* Exercise description:
When you copy the material below, keep every line exact and omit the pictures.

* Data block:
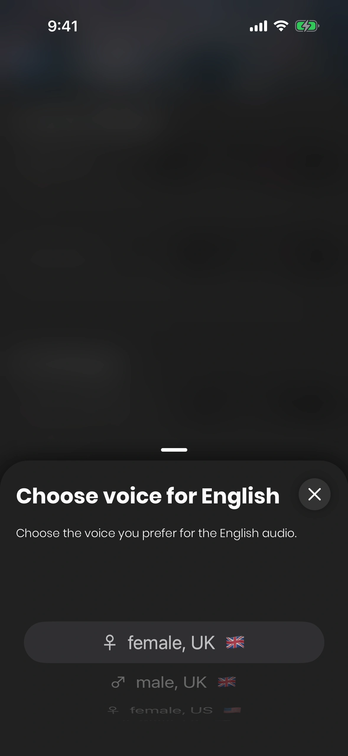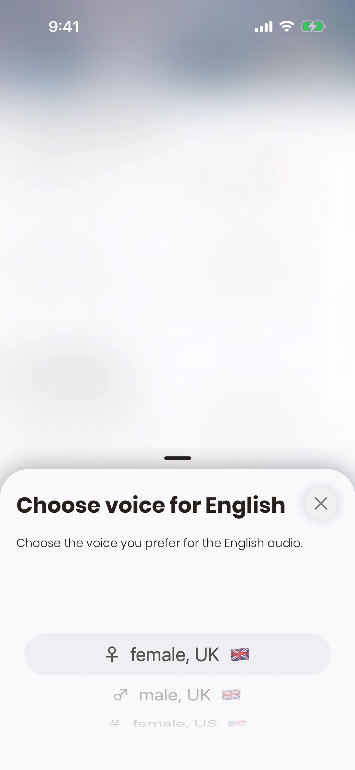 All languages are available in a female and a male voice. In addition, English can be chosen in a British or an American accent.
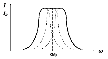 Резонансные кривые системы контуров с разнесенными резонансными частотами приведена на рис. 3.1.18.
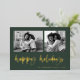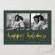 Ce carte photo de vacances familial vert classique simple présente une typographie décontractée et moderne en feuille d'or qui dit "happy holiday", avec une grille photo à l'avant pour un design de vacances élégant, moderne et minimaliste.

* Output of the exercise:
 All languages are available in a female and a male voice. In addition, English can be chosen in a British or an American accent.
 Резонансные кривые системы контуров с разнесенными резонансными частотами приведена на рис. 3.1.18.
 Ce carte photo de vacances familial vert classique simple présente une typographie décontractée et moderne en feuille d'or qui dit "happy holiday", avec une grille photo à l'avant pour un design de vacances élégant, moderne et minimaliste.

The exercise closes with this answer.